Combine the following:
1 1/2 pounds of ricotta cheese
1 C heavy cream
1 1/2 C sugar
6 yolks

Add to cooked grains.

Combine the following:
1 t grated orange peel
1 T cinnamon
1 T orange juice
1 T candied citron

Add to cooked grain mixture.

Beat 4 egg whites to stiff peaks. Fold them into the grain mixture. Pour into crust. Use the second ball of crust and make a nice lattice on top. Bake for 1 hour. Turn off oven and let the pie set for 1/2 hour in the warmth.

There was enough filling and crust to do a second pie, without the lattice top. I haven't worked out the amounts for a single pie, so plan to give one to a friend.  A very good friend.

Serve it warm, with softly whipped fresh cream.

Sunday, March 24, 2013

Staying with the Cake Motif



I used to do decorated cakes all the time but haven't done much of that lately. But my dear sister-in-law asked me to help her with her daughter's wedding cake a few years back and since then I've helped with a few other food-related jobs.

This is the baby-shower cake for the same daughter a couple of months ago.  I keep all my pastry bags and couplers and tips in a white tin and throw that and some favorite spatulas into a bag when we're headed down to her place.

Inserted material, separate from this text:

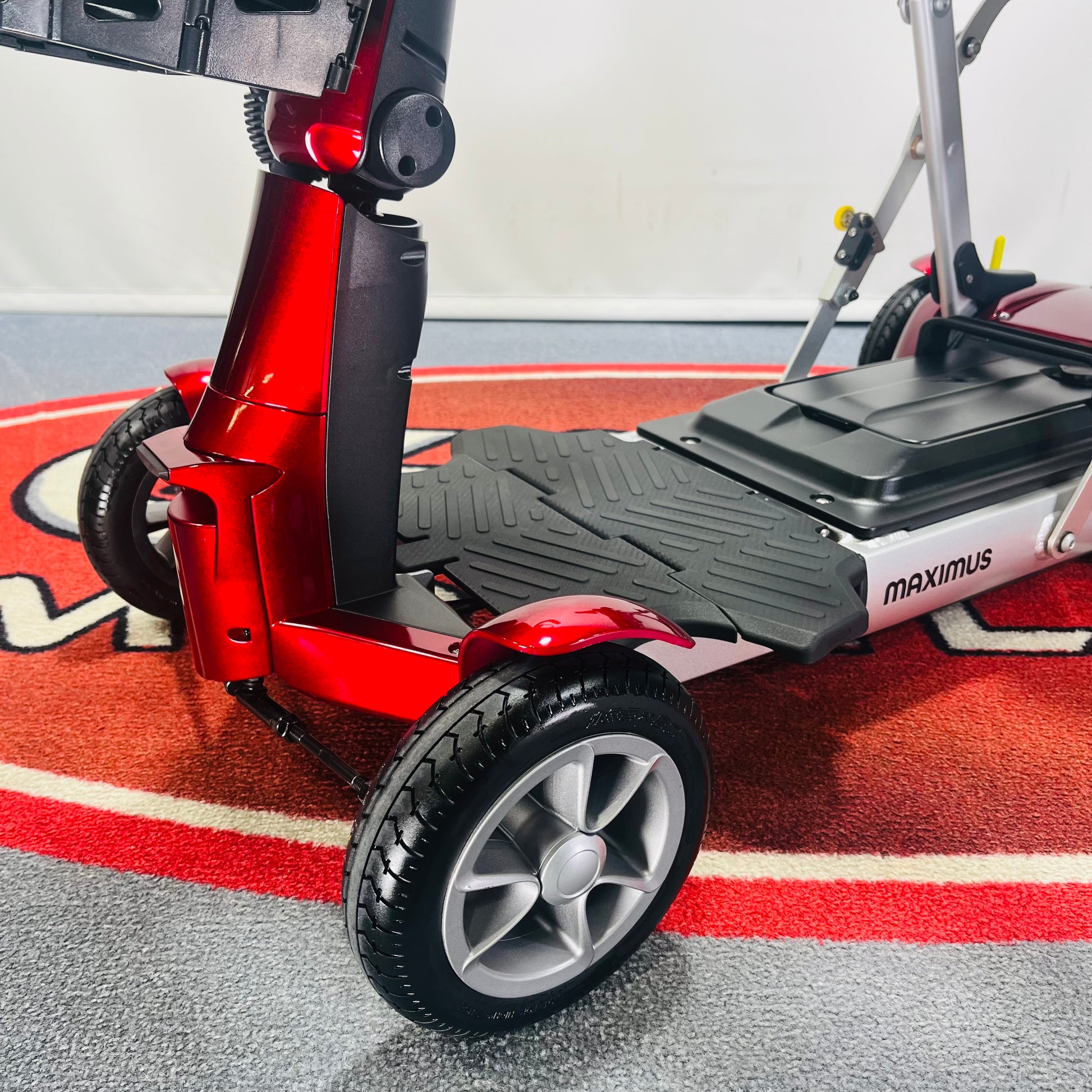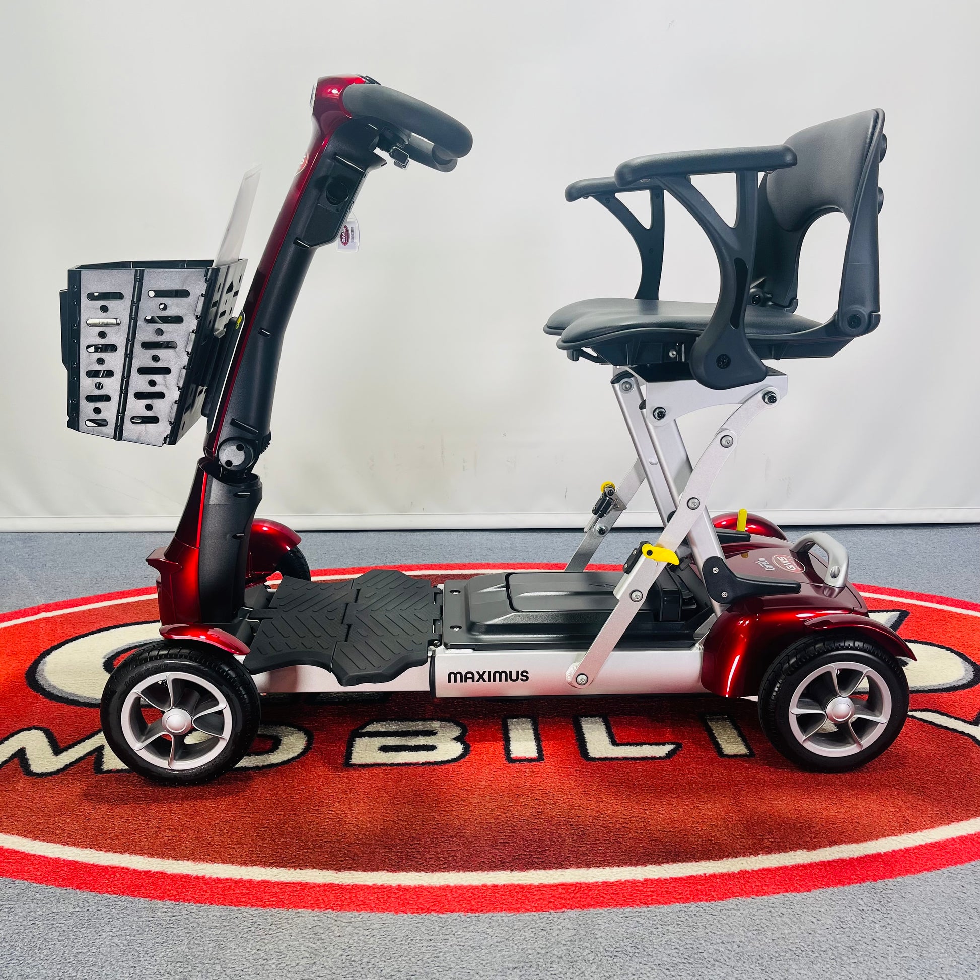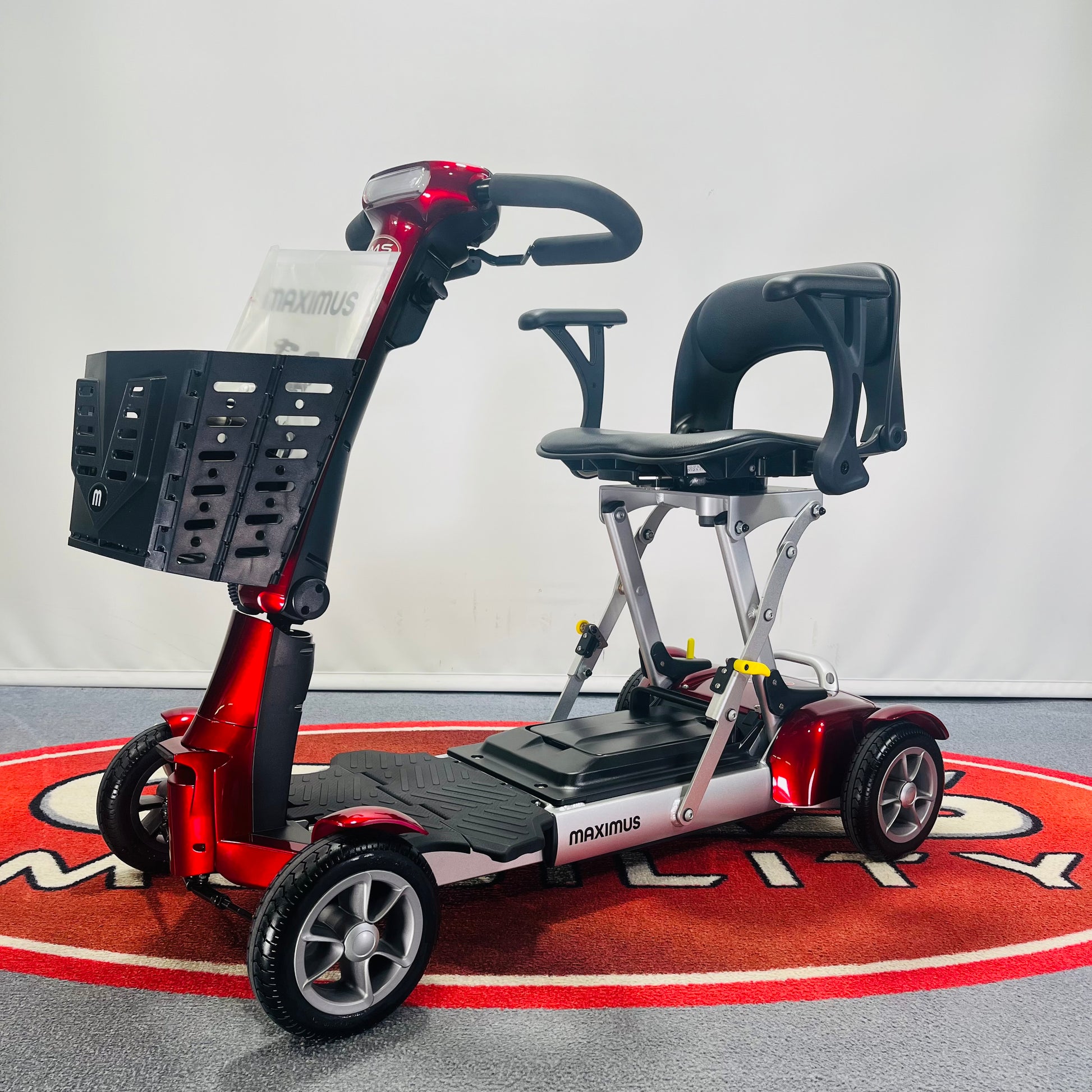 The Maximus might be the bigger brother to the Maximus, but there’s no sibling rivalry here. Both scooters are built to be cleverly compact, with smart designs to make your everyday life easier. Find a compromise that works for you, whether you need the ultra-slim profile of the UK’s lightest folding mobility scooter, or you feel like a little more comfort will go a long way with the Maximus. One thing’s for sure: you won’t be losing out on style. The Maximus Folding Mobility Scooter comes in Metallic Crimson or Onyx, for a design that’s as good to look at as it is to drive.

My personal preference is for a more dense and robust cake but I certainly enjoy wielding the pastry bag full of shortening/butter/powdered sugar icing.

Monday, March 4, 2013

Birthday Cake


I love old Grange cookbooks. I have one that is called "Our Favorite Grange Recipes" and it was compiled in the late 1960s. The cover features a drawing of a smiling farmer with a bushel basket of vegetables. The sub-title is "a Collection of Rural Recipes Which Have Made Grange Cooking Famous Throughout the West Since 1870."

That pretty much says it all.

The cake recipes run the gamut from what we'd call in the South "white-trash cooking" (lots of processed ingredients thrown together in a "creative" way) to old-school deliciousness. I chose Midnight Cake for my birthday and made a double recipe for four layers.  Here it is--

1/2 C butter
1 1/4 C sugar
2 eggs
1 t. soda
1 C hot water
1/2 C cocoa
1 1/2 C cake flour
1/2 t. salt
1 t. baking powder
1 t. vanilla

Cream butter, add sugar gradually, beat well. Add eggs and beat one minute. Add hot water to cocoa and mix until smooth. Add cocoa mixture to eggs and sugar. Sift together dry ingredients and add to creamed mixture, beating well. Add vanilla. Bake 20 mins at 350.

I used regular cocoa for the first batch and dark cocoa for the second which gave it a subtle variegated look when stacked. It is a very tender cake and you would be wise to let the cooked cake rest in the pans for 5 minutes of so and then cover your cooling rack with parchment or waxed paper before turning the layers out.

The icing also came from this book. It is the last icing recipe in the section.

Chocolate Fudge Icing
1 C light brown sugar
1/4 C milk
3 T butter
3 T cocoa
Boil the above ingredients for 3 minutes, remove from hear and add 1 1/2 C sifted powdered sugar and 1 t. vanilla. (and I needed an extra  T. milk to make the icing the right consistency). Beat until firm.

Then you have to ice the cake fast.  It took three batches to get the level of coverage I like for a four layer cake.  I'd do one--ice like a maniac.  Do another, ditto. And again.  Serve stingy little slices because it is very, very rich.

It is a very firm frosting--a good keeper,as they say. The taste is extraordinary--so unlike the crap frosting on grocery store cakes or the garbage that comes out of a can.

Next time--and there will be a next time--I'm going to do a sour cherry filling for the layers. Same icing. A slash of whipped cream on the slice, as you serve.  On the photo above, I rolled out some little dabs of this firm frosting and stuck them in a circle on top of the cake.  I broke up a bar of crystalized honey infused organic chocolate and stuck a piece in each dab.  Sifted a little powdered sugar on the top and it looked a little like a stone circle in a light snow.